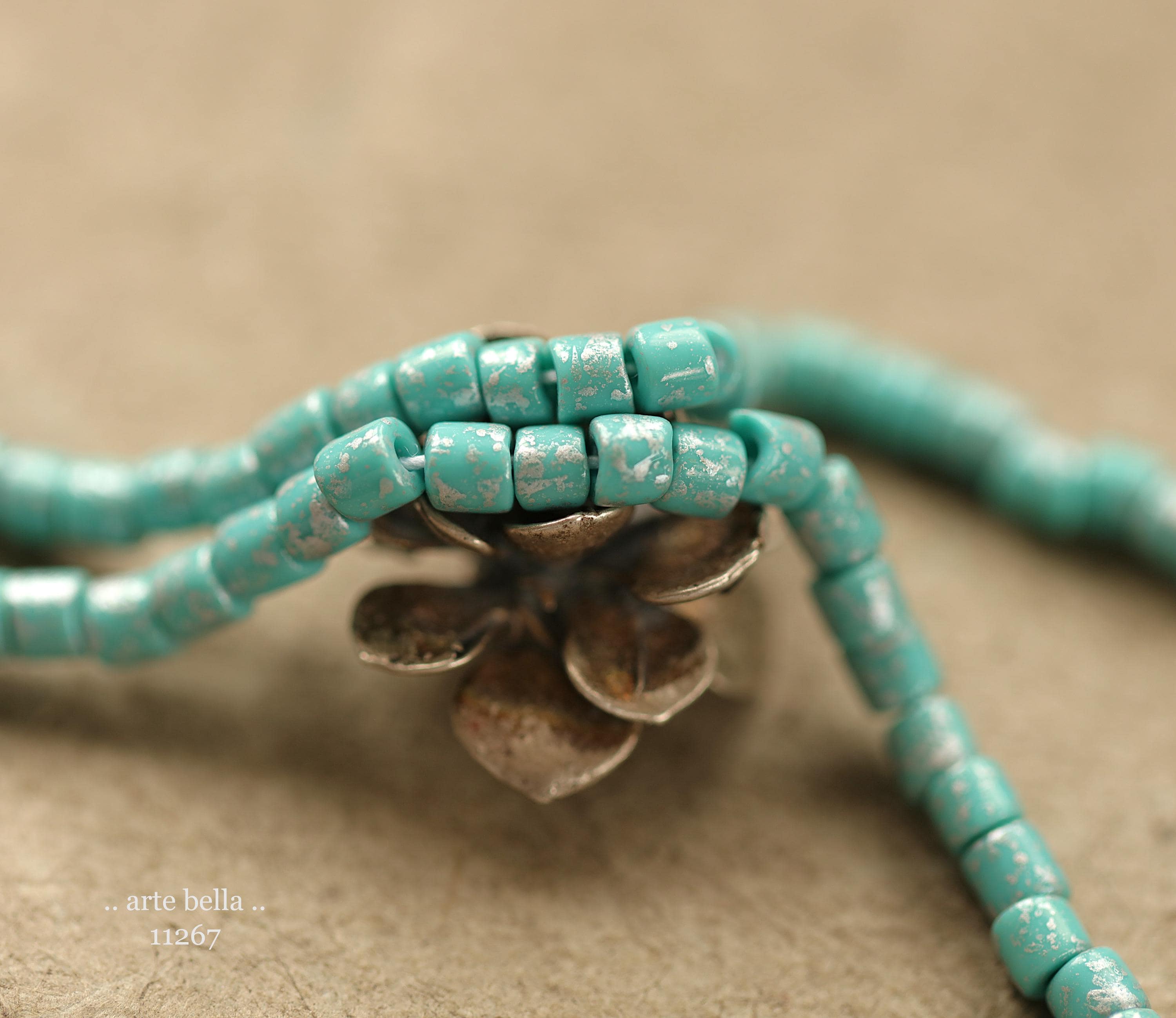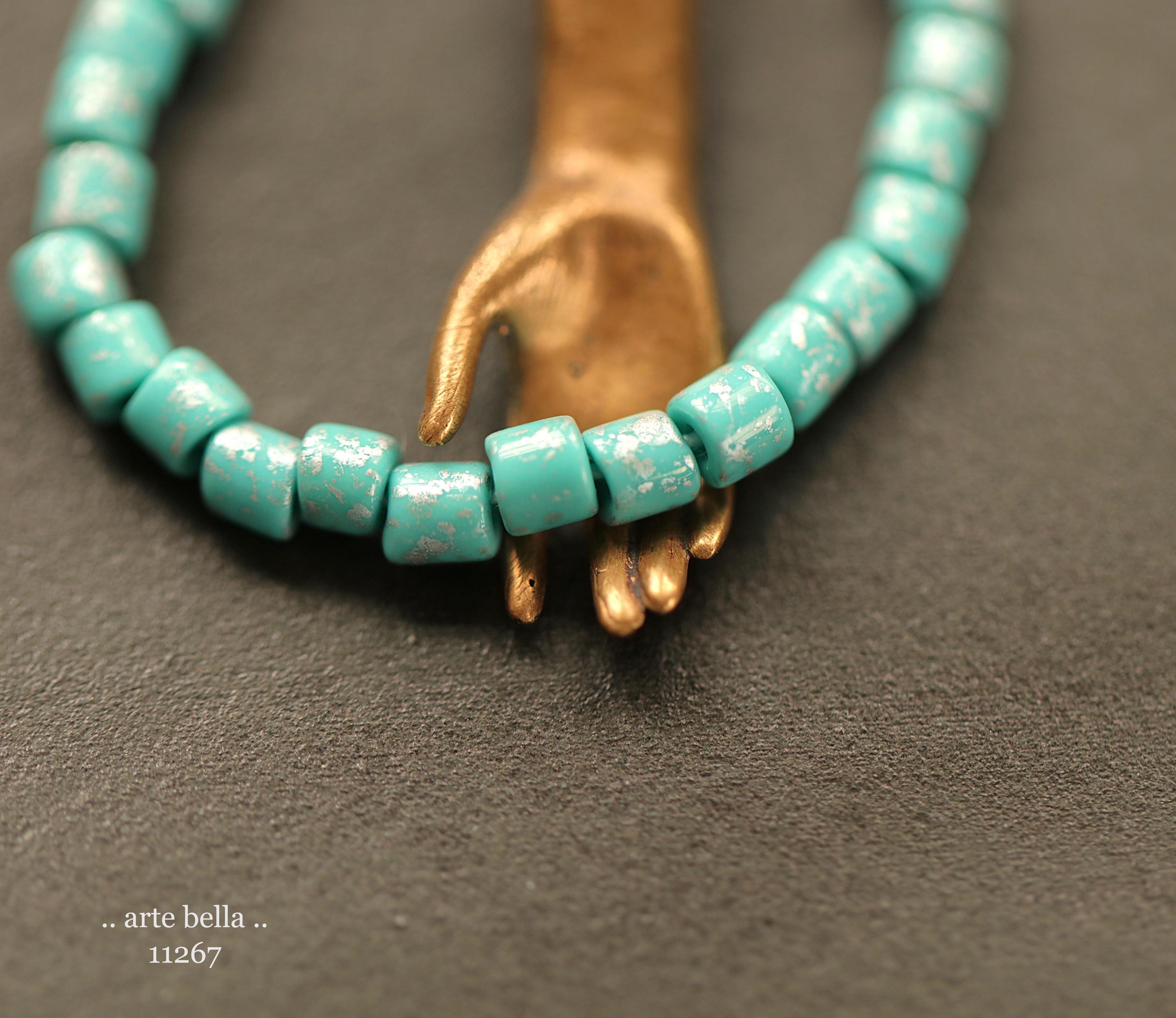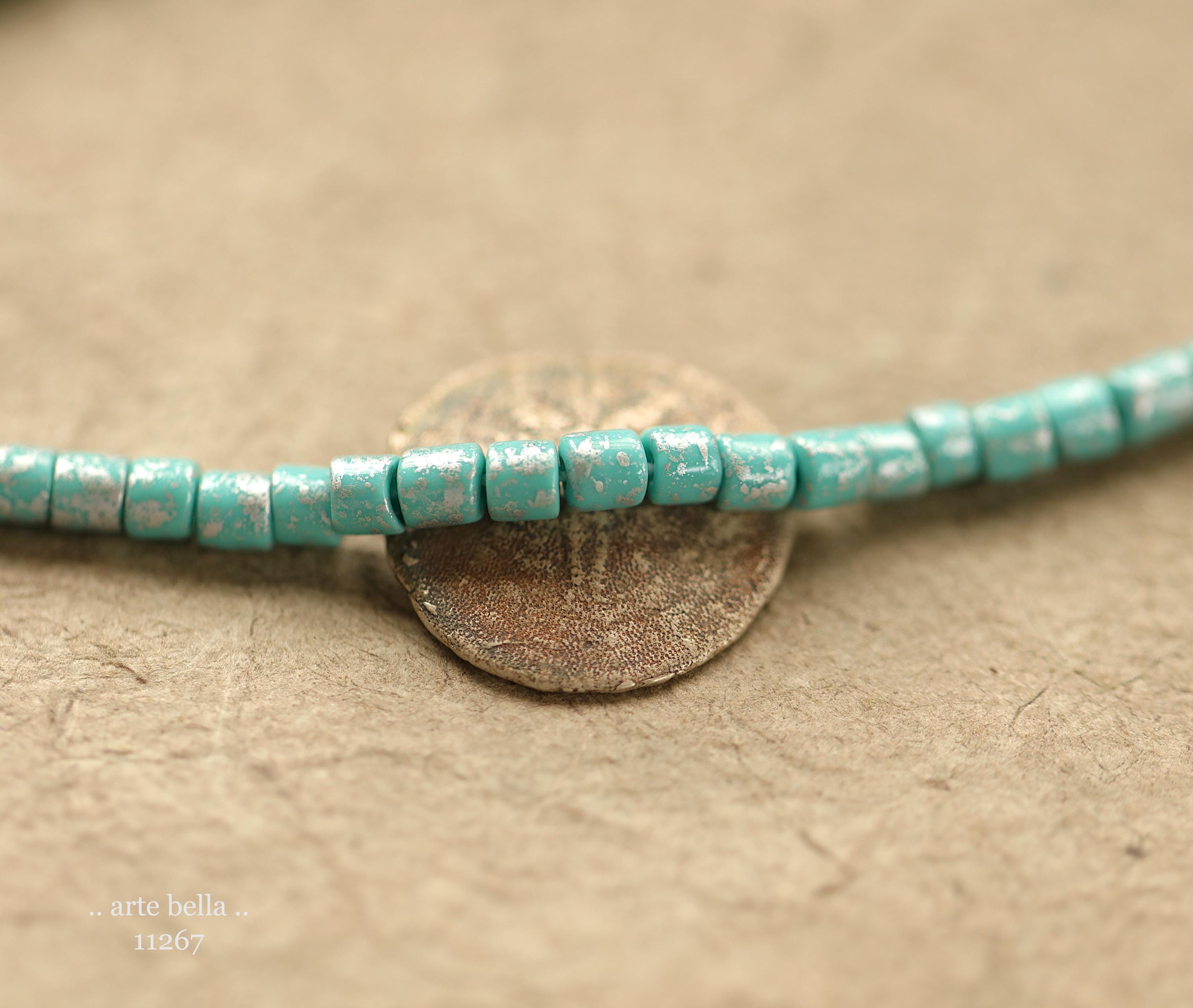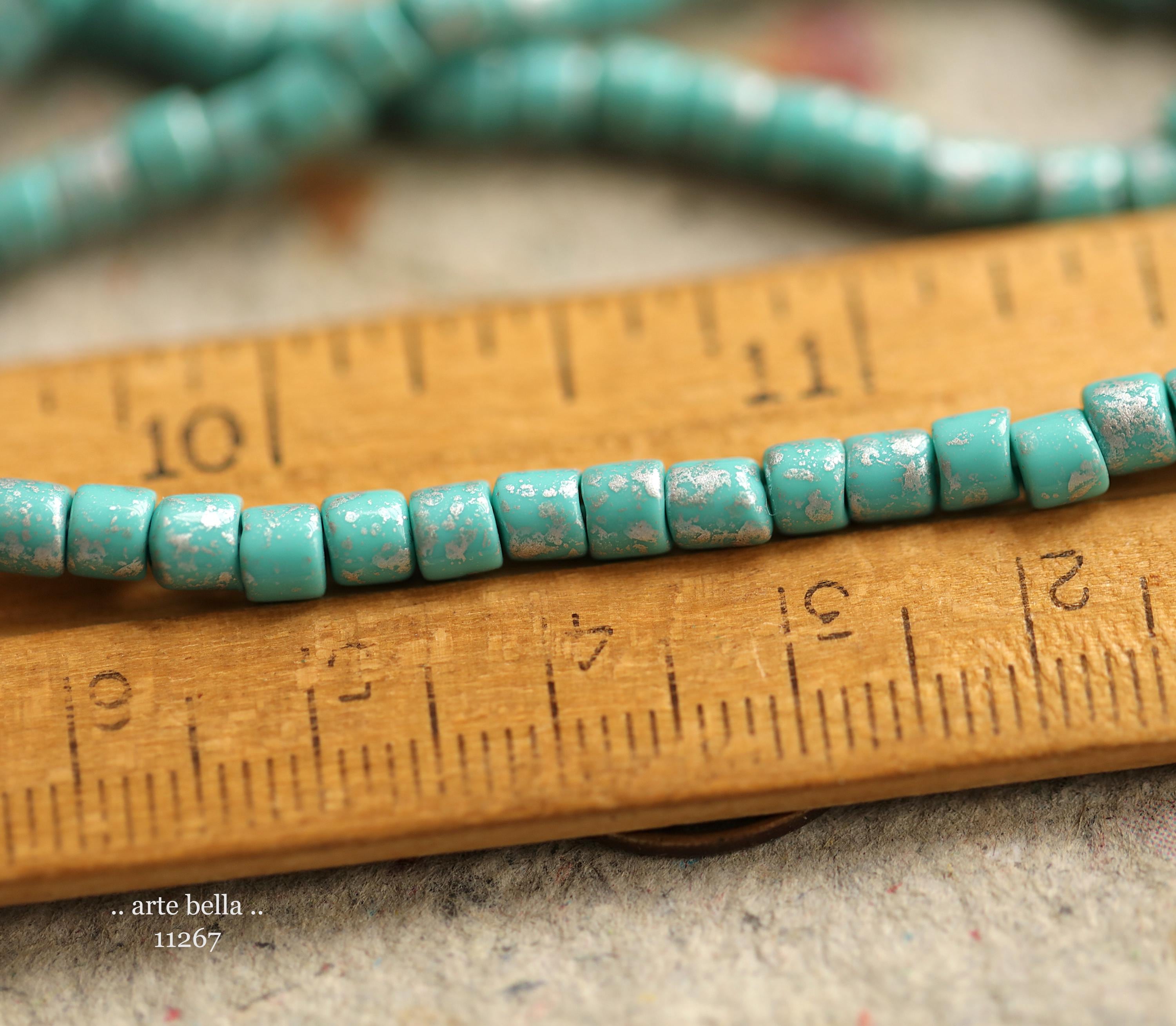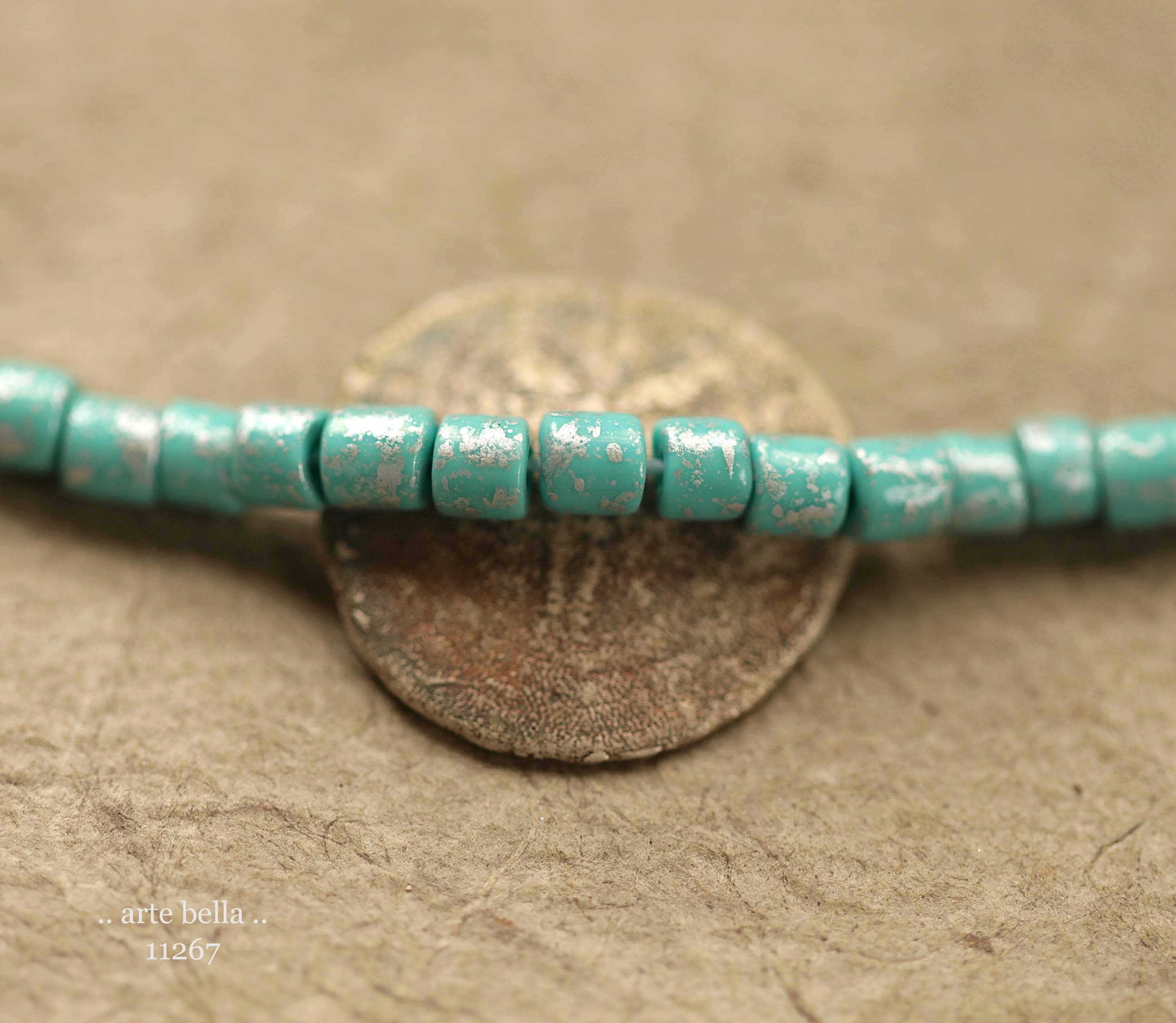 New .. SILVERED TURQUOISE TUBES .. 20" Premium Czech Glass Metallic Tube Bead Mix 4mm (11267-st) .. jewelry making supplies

---

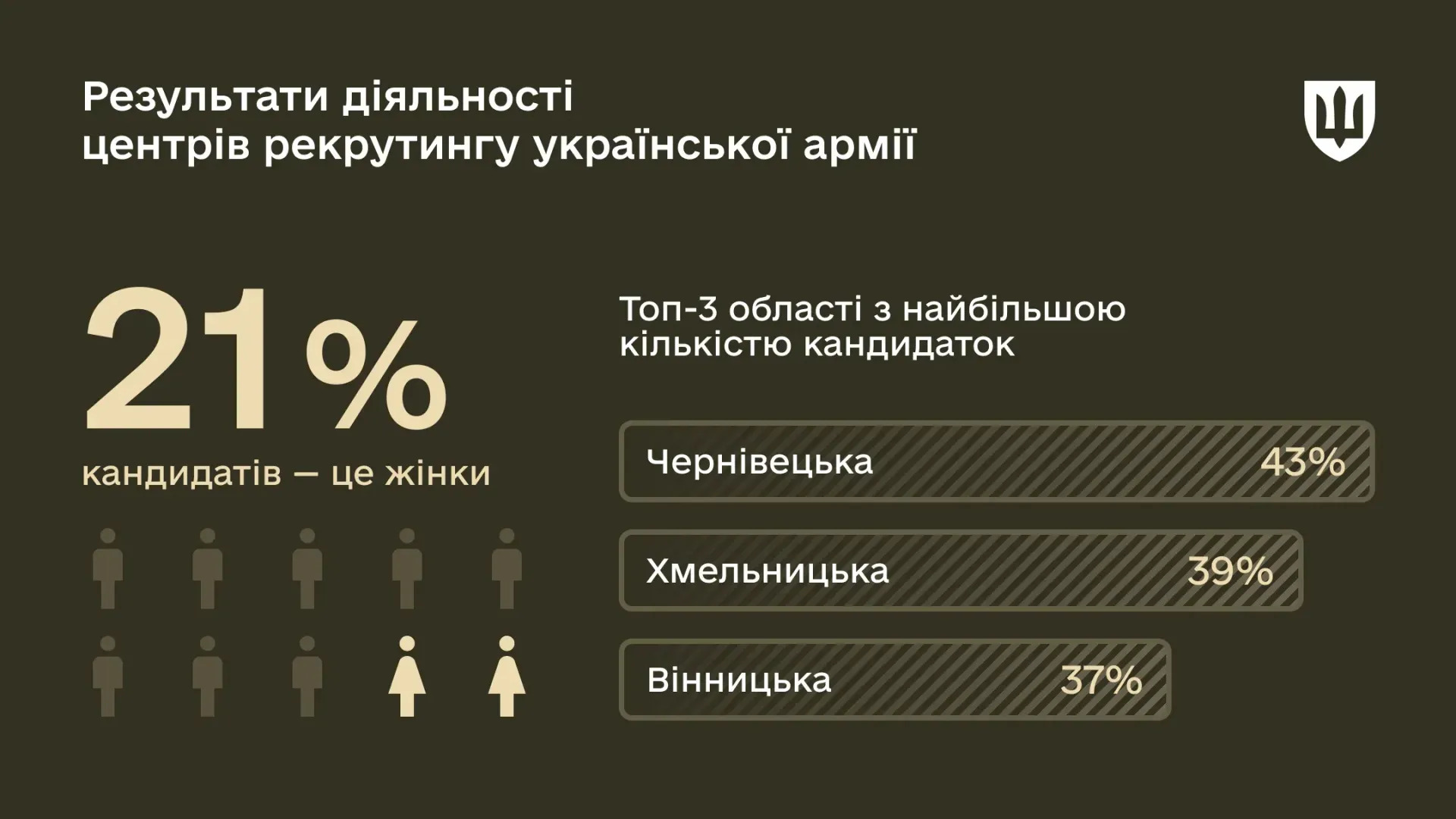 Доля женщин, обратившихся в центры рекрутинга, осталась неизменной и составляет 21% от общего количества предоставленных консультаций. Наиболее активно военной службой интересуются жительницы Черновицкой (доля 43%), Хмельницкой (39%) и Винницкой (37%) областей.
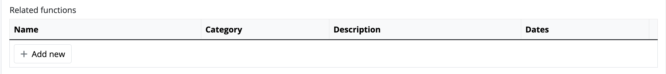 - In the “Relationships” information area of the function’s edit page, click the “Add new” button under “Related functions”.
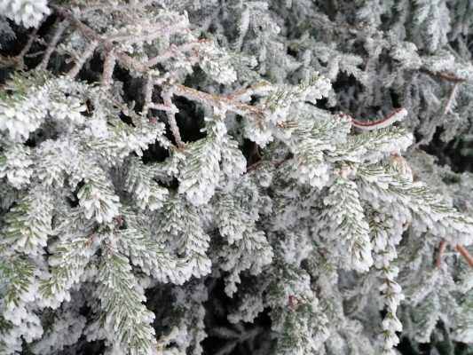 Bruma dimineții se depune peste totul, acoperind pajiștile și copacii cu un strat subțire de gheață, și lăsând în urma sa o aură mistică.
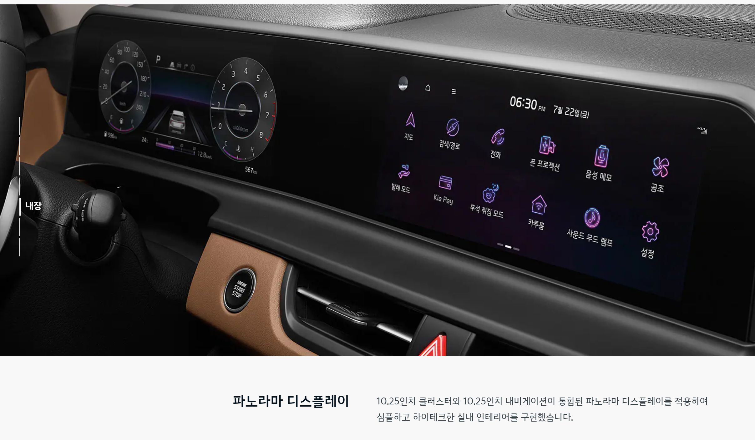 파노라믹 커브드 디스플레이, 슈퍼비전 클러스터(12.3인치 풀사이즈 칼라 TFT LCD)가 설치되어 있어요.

## What the exercise asks
Within the listing above, the lines from the one with "information area of" through the one with "파노라믹 커브드 디스플레이, 슈퍼비전" are to be given again word for word. Do not include pictures.

## Expected answer
 - In the “Relationships” information area of the function’s edit page, click the “Add new” button under “Related functions”.
 Bruma dimineții se depune peste totul, acoperind pajiștile și copacii cu un strat subțire de gheață, și lăsând în urma sa o aură mistică.
 파노라믹 커브드 디스플레이, 슈퍼비전 클러스터(12.3인치 풀사이즈 칼라 TFT LCD)가 설치되어 있어요.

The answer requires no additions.